**REQUIRED WORK**
If an entry holds a picture, drop the picture and restate the rest word for word.
-------- EXTRACTED DATA --------
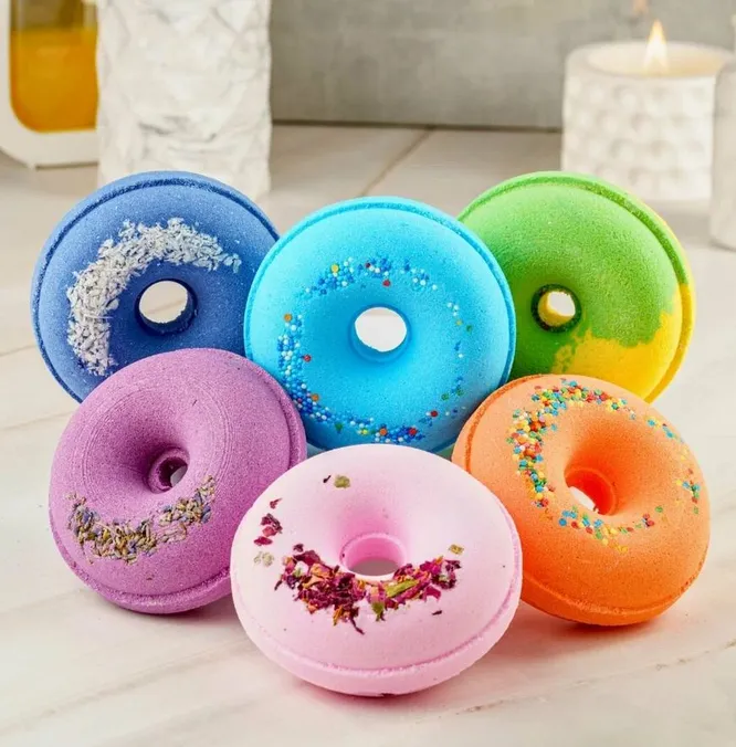 Разноцветные бомбочки для ванн в виде красочных пончиков имеют приятный аромат, бурлят, пенятся, не окрашивают ванну и доставляют максимум удовольствия — в общем, идеально справляются со своими задачами. Такому недорогому подарку будут рады все девочки от 3 и до, наверное, 90 лет, даже те, кто не очень-то любит принимать ванну.
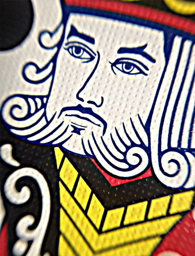 Above: Legends Playing Cards produced by a new card factory in Taipei (Click image to zoom). The courts are standard other than the King and Queen of Spades: the King is Lawrence Sullivan himself, the queen a close friend! The back design looks very clean from a distance, but it has many hidden features. Card stock is ultra-thin, yet stiff and of good weight. Printing registration is sharp and bold and the backs have thin borders, evenly cut. The card surface is embossed with tiny dimples creating excellent handling qualities. The finishing coat is smooth, but less slippery than standard brands, and adapts to your card-handling style.
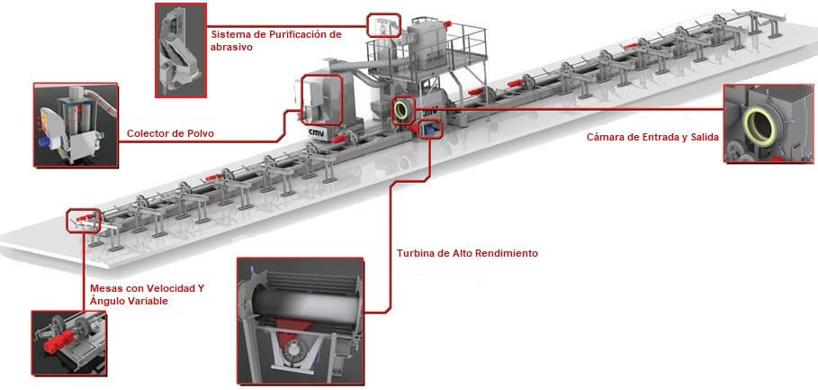 Máquina diseñada y construida por CMV para la limpieza de superficies externas en tuberías. Remueve incrustaciones, oxido, calamina y toda clase de contaminantes para generar superficies uniformes de alta calidad. Ofrece la mejor relación costo/beneficio para demandas de pequeños y grandes volúmenes de producción, es rápida, económica y de alta eficiencia energética. La tubería se traslada y rota dentro de la cámara de trabajo, gracias a los transportadores de entrada y de salida.
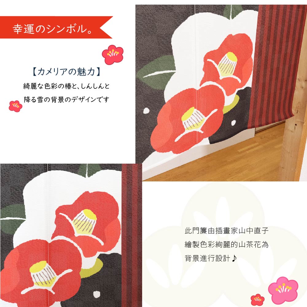 日本製【コスモ】短門簾《山茶花》縁起物や季節の柄、美人画など様々な日本の文化を取り揃えました。お部屋やお店のインテリア、お土産物、贈り物などにぜひご活用くださいイラストレーター『山中奈緒子』による四季折々の草花。【冬】は綺麗な色彩の椿と、しんしんと降る雪の背景のデザインです。我們有各種各樣的日本文化物品,包括幸運符、季節圖案和美女肖像。請隨意將其用作房間或商店的室內裝飾、紀念品或禮物。插畫家山中直子 (Naoko Yamanaka) 繪製的四季花卉和植物。以色彩絢麗的山茶花和飄落的雪花為背景進行設計。請用於您的房間、商店、禮品生產國:日本材質/成分:100%聚酯纖維包裝:獨立袋包裝短門簾尺寸:約85 公分(寬)x 45 公分(長)J13-06-45B國際條碼:4943741276043出貨:門簾*1件清洗方式:可水洗、不可漂白、不可烘乾顏色:如圖,網頁產品因拍攝與各顯示器顯色不同關係,與實品略有差異,此商品圖為參考用之情境圖示,產品內容以規格敘述內容為準適用:臥室門、廚房門、浴室門、衣櫥、玄關入口...等【注意事項】伸縮桿需自備,商品內容為門簾本體並無附桿子
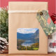Square photo sticker with a ferry boat on Lake Bohinj approaching the town Ribcev Laz with the prominent church in an autumn landscape with forests with trees in fall colours in Triglav National Park near Bled in Slovenia.
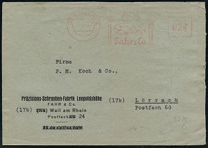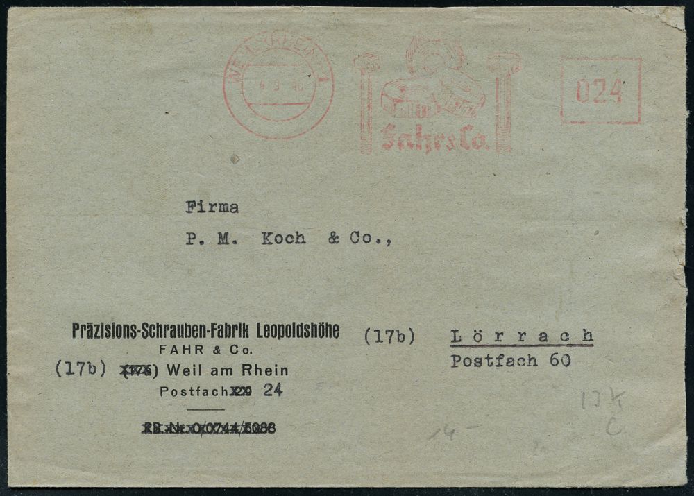 5838 | 20 € | POSTLEITRAUM 7800 (OHNE FREIBURG) : WEIL (RHEIN) 1/ Fahr & Co.. 1946 (4.8.) aptierter AFS Francotyp "Reichsadler" = entfernt + Inschrift "Deutsche Reichspost" = Notmaßnahme! (Abdruck zeitbedingt etw. hell) Firmen-Bf.: Präzisions-Schrauben.Fabrik Leopoldshöhe, FAHR & Co.. (kl. Randmäng.) Fern-Bf. (Dü.E-13 AU-129o) | ![]() | |
--------
**SOLUTION TO THE EXERCISE**
 Разноцветные бомбочки для ванн в виде красочных пончиков имеют приятный аромат, бурлят, пенятся, не окрашивают ванну и доставляют максимум удовольствия — в общем, идеально справляются со своими задачами. Такому недорогому подарку будут рады все девочки от 3 и до, наверное, 90 лет, даже те, кто не очень-то любит принимать ванну.
 Above: Legends Playing Cards produced by a new card factory in Taipei (Click image to zoom). The courts are standard other than the King and Queen of Spades: the King is Lawrence Sullivan himself, the queen a close friend! The back design looks very clean from a distance, but it has many hidden features. Card stock is ultra-thin, yet stiff and of good weight. Printing registration is sharp and bold and the backs have thin borders, evenly cut. The card surface is embossed with tiny dimples creating excellent handling qualities. The finishing coat is smooth, but less slippery than standard brands, and adapts to your card-handling style.
 Máquina diseñada y construida por CMV para la limpieza de superficies externas en tuberías. Remueve incrustaciones, oxido, calamina y toda clase de contaminantes para generar superficies uniformes de alta calidad. Ofrece la mejor relación costo/beneficio para demandas de pequeños y grandes volúmenes de producción, es rápida, económica y de alta eficiencia energética. La tubería se traslada y rota dentro de la cámara de trabajo, gracias a los transportadores de entrada y de salida.
 日本製【コスモ】短門簾《山茶花》縁起物や季節の柄、美人画など様々な日本の文化を取り揃えました。お部屋やお店のインテリア、お土産物、贈り物などにぜひご活用くださいイラストレーター『山中奈緒子』による四季折々の草花。【冬】は綺麗な色彩の椿と、しんしんと降る雪の背景のデザインです。我們有各種各樣的日本文化物品,包括幸運符、季節圖案和美女肖像。請隨意將其用作房間或商店的室內裝飾、紀念品或禮物。插畫家山中直子 (Naoko Yamanaka) 繪製的四季花卉和植物。以色彩絢麗的山茶花和飄落的雪花為背景進行設計。請用於您的房間、商店、禮品生產國:日本材質/成分:100%聚酯纖維包裝:獨立袋包裝短門簾尺寸:約85 公分(寬)x 45 公分(長)J13-06-45B國際條碼:4943741276043出貨:門簾*1件清洗方式:可水洗、不可漂白、不可烘乾顏色:如圖,網頁產品因拍攝與各顯示器顯色不同關係,與實品略有差異,此商品圖為參考用之情境圖示,產品內容以規格敘述內容為準適用:臥室門、廚房門、浴室門、衣櫥、玄關入口...等【注意事項】伸縮桿需自備,商品內容為門簾本體並無附桿子
Square photo sticker with a ferry boat on Lake Bohinj approaching the town Ribcev Laz with the prominent church in an autumn landscape with forests with trees in fall colours in Triglav National Park near Bled in Slovenia.
 5838 | 20 € | POSTLEITRAUM 7800 (OHNE FREIBURG) : WEIL (RHEIN) 1/ Fahr & Co.. 1946 (4.8.) aptierter AFS Francotyp "Reichsadler" = entfernt + Inschrift "Deutsche Reichspost" = Notmaßnahme! (Abdruck zeitbedingt etw. hell) Firmen-Bf.: Präzisions-Schrauben.Fabrik Leopoldshöhe, FAHR & Co.. (kl. Randmäng.) Fern-Bf. (Dü.E-13 AU-129o) | ![]() | |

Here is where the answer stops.